Previous studies have found similar portrayals, including interest-driven misrepresentations, problematic. Das et al. (2022), Ehmer and Kothari (2021), Wani (2022), Kironska and Peng (2021), and R. Lee (2019) identified that the media is more inclined to describe Rohingyas negatively. Initially, our sentiment scores and trends support these findings. Specifically, the findings of Das et al. (2022) in the context of Bangladesh, Ehmer and Kothari (2021) in Malaysia, and Wani (2022) in India pointed out negative attitudes of these countries’ media toward the Rohingya, which align with our results. However, our findings indicate that media in these countries exhibit lower negative sentiments than other countries, an observation absent in previous single-country-focused studies.
Second, while sometimes negative sentiment may imply a negative portrayal of the Rohingya, through close reading, we found instances where news media have featured their plight using strong language, such as killings, genocide, torturing, and expatriating. For example, media in Muslim countries like the Saudi Gazette and Al Jazeera have published several stories depicting the Rohingyas’ humanitarian situations and crises, including state-organized persecution, cleansing, and displacement. Al Jazeera published news in September 2016 with the headline “Persecution path: Following Myanmar’s fleeing Rohingya,” describing the continuous plight of the Rohingyas. Still, our sentiment score identified it as negative. We found some instances of such inconsistencies in our dataset. Automated sentiment analysis using machine learning is not yet fully operationalized to detect the content’s context accurately and attribute proper sentiments accordingly, which is a major limitation of this type of analysis. To address this, we complemented our automated insights with manual qualitative analysis to minimize misleading inferences. Nonetheless, we caution against overgeneralizing some of our findings without further validation.
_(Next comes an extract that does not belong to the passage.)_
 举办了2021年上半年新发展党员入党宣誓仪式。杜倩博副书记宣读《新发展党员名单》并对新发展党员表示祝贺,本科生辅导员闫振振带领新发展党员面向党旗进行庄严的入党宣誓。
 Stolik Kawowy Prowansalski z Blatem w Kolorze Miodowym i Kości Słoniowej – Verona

Our findings indicate significant variation in news sentiments and their changing patterns in the selected countries, highlighting the media’s differential representations of Rohingya issues. Since previous studies lack longitudinal insights into these representations, it is difficult for us to compare and contrast them directly with our findings. However, our research offers a fresh perspective on understanding and assessing the journalistic portrayal of humanitarian topics over time.
Apart from the substantial variation in news sentiments, we found that some pairs of news media exhibit similar sentiment patterns. The larger cluster includes Bangladesh, China, Malaysia, Saudi Arabia, and Turkey, while the smaller cluster includes Pakistan, Qatar, the UK, and the US, with India connecting both clusters. This finding is complex to explain as both clusters consist of countries with diverse hosting, political, religious, and regional contexts. Hallin and Mancini’s (2004) theory may partially explain this trend. According to the concept, the larger cluster combines elements of the Polarized Pluralist (e.g., China) and Democratic Corporatist (e.g., Malaysia) models of media, where political influence on media behavior is significant but varies in intensity and form.
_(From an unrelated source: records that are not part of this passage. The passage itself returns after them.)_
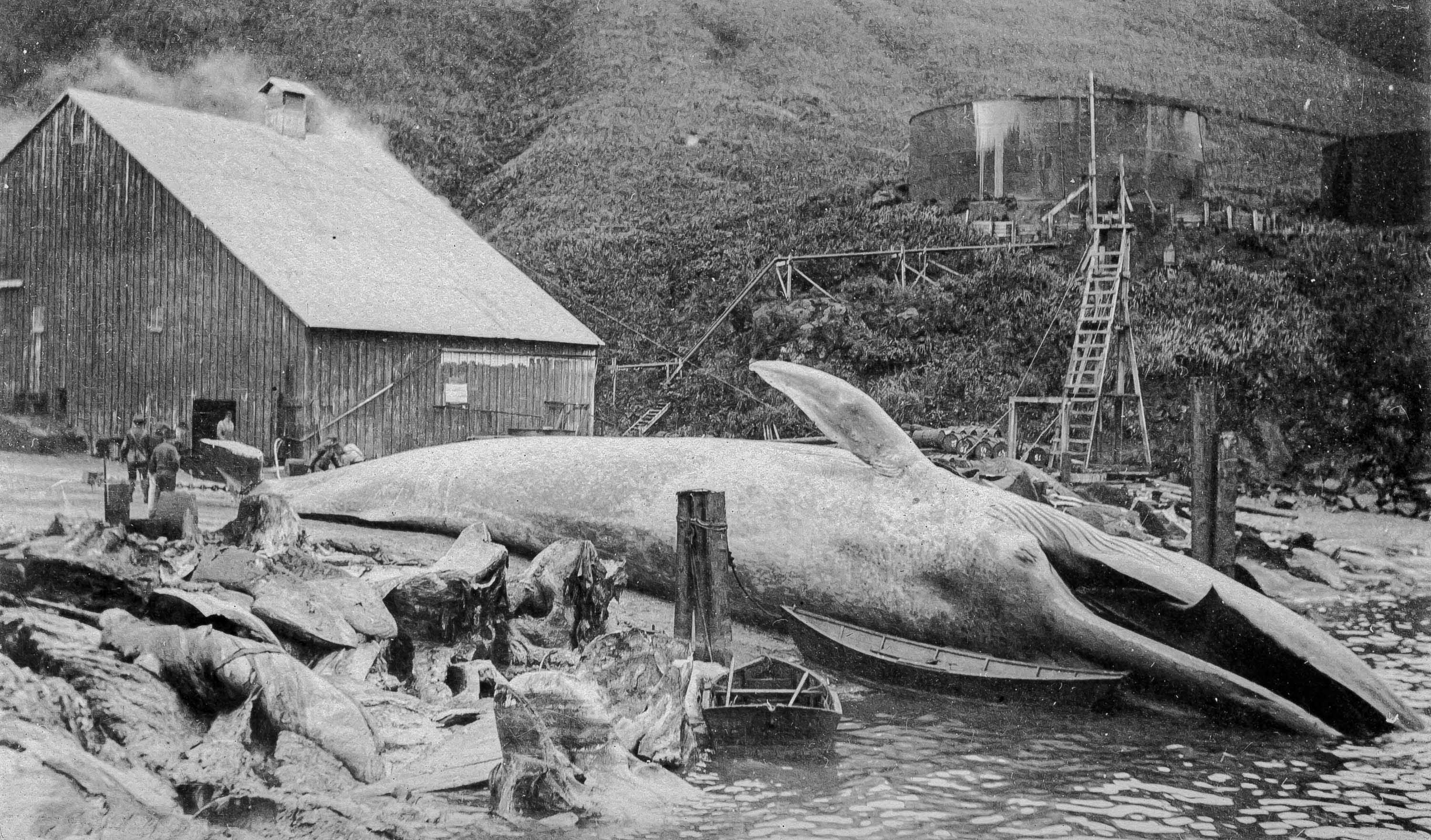 A blue whale being hauled onto the beach at Akutan Whaling Station, circa 1917. The Akutan Whaling Station was built in the Aleutians East Borough of Alaska by the Pacific Whaling Company in 1912, operating until 1939. Photo courtesy the New Bedford Whaling Museum.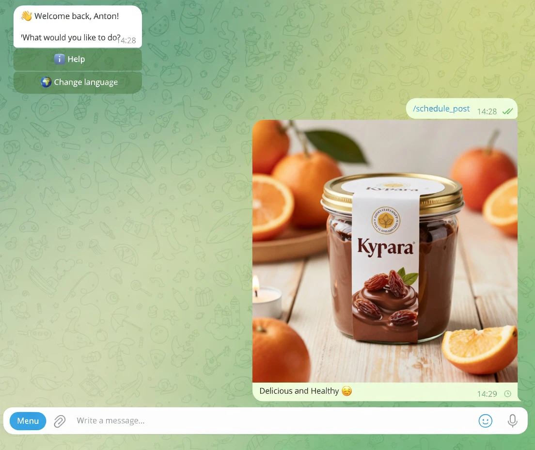 AI Telegram bot: generate text, images & videos + auto-post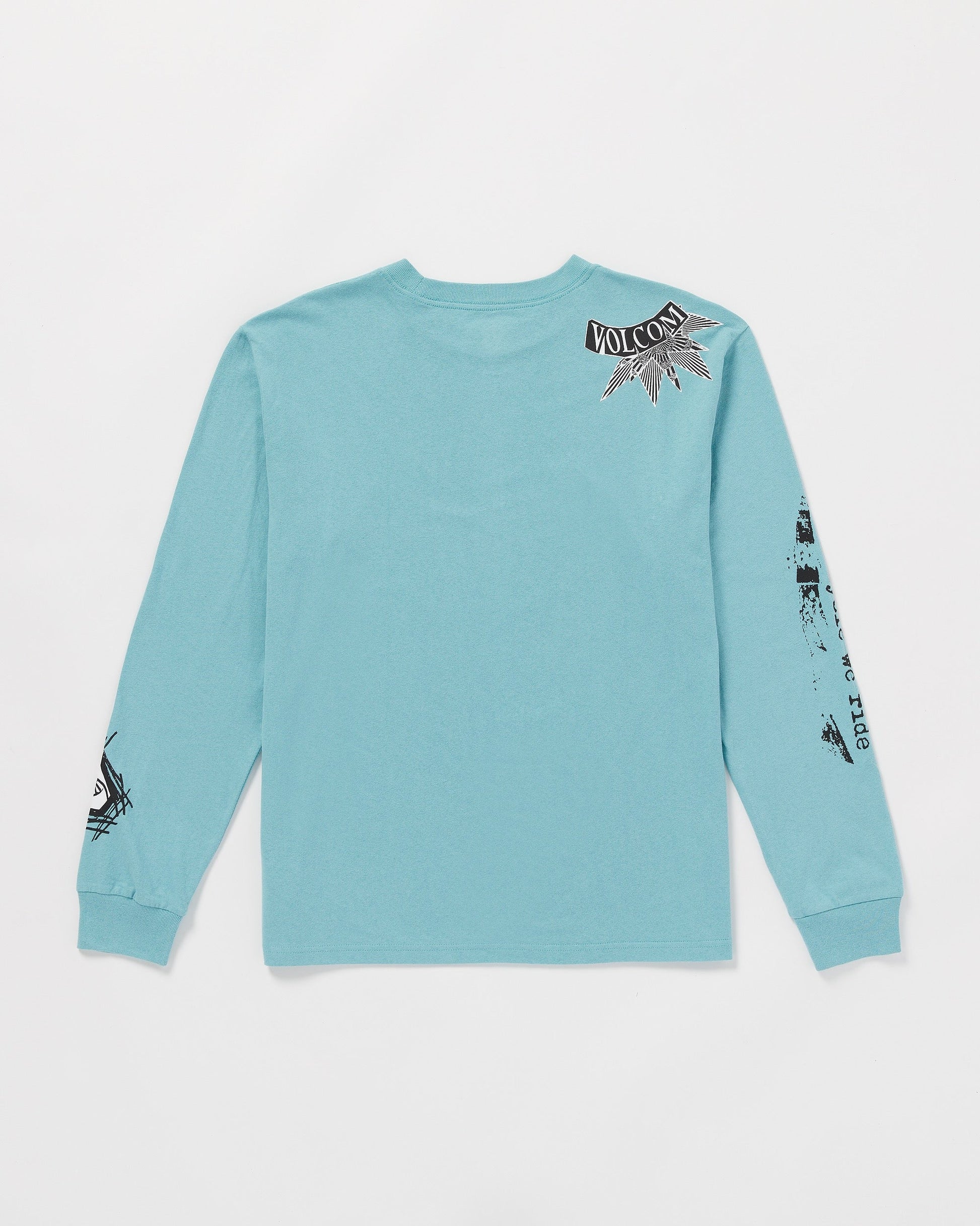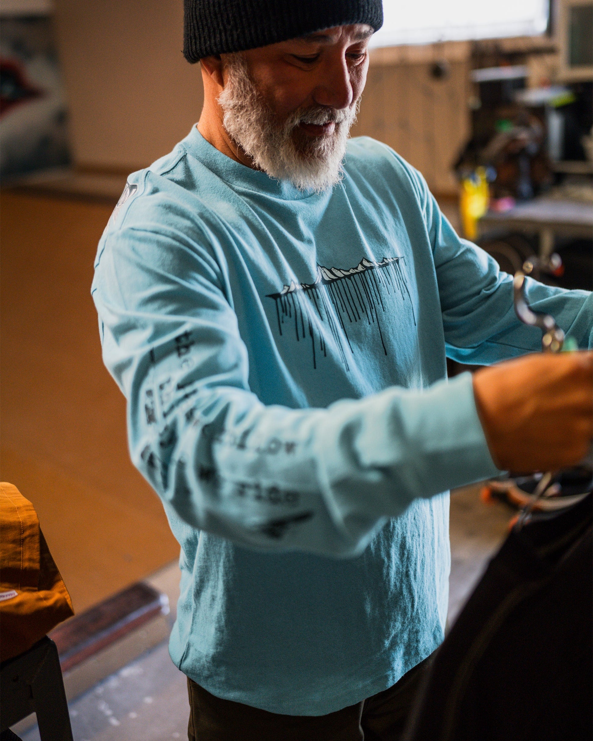 Designed in collaboration with snowboarding legend Bryan Iguchi, you'll enjoy truly unique style and keep the chill off in this blue Tokyo True collab long sleeve tee. With a basic wide fit and screen-printed design, this crew neck tee is perfect for layering or wearing solo.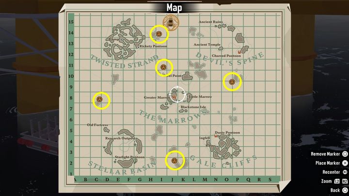 Skrzynie najłatwiej odnajdywać w łowiskach oznaczonych na mapie ikoną platformy - zaznaczyliśmy je na dołączonym obrazku.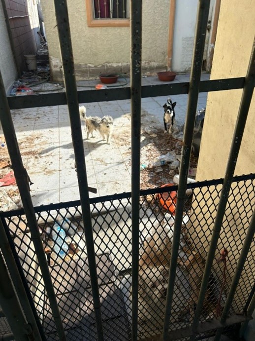 MEXICALI, BAJA CALIFORNIA. - La Fiscalía Regional de Mexicali, en coordinación con la Fiscalía Especializada en Delitos Ambientales y Contra los Animales, realizó un cateo en una vivienda del fraccionamiento Villa Colonial, en donde al parecer mantenían a caninos sin alimento ni agua por varios días.

In contrast, the smaller cluster aligns more with the Liberal Model (e.g., the US), where market forces and sensationalism might drive more consistently negative coverage. It still leaves many concerns unresolved. For example, India bridged the two clusters: how should we define its media system? Both clusters contain mixed media models from different political systems, going beyond the authoritarian vs. liberal or democratic vs. non-democratic binaries (Siebert et al. 1956). It appears that the media agenda, the media and the country’s multifaceted relations (e.g., geographic, economic, diplomatic, cultural, religious) to the crisis, global political and public sentiment, and temporality of the events may have impacts on the media’s behavior (Shujen Wang 1992; Wu 2000), which we found difficult to explain with both Hallin and Mancini’s (2004) and Siebert et al.’s (1956) theories. Further research and novel frameworks are required to explain and substantiate these issues.
Regarding comparative sentiments across countries, we found contradictory insights from previous studies. For example, Rhaman (2023) identified dissimilarities in news sentiments between India and China regarding Rohingya coverage, whereas our findings indicate similar sentiment patterns. Similarly, Irom et al. (2022) found that Bangladesh, Pakistan, Canada, and the US framed the Rohingya issues similarly. While our findings align to some extent with the observation that news sentiments in these countries are inherently negative, they do not provide insights into framing these issues. However, sentiment is an important element of news framing (Burscher et al. 2016), suggesting that further framing analysis could complement our sentiment analysis and provide a more comprehensive understanding of media representation of Rohingya issues.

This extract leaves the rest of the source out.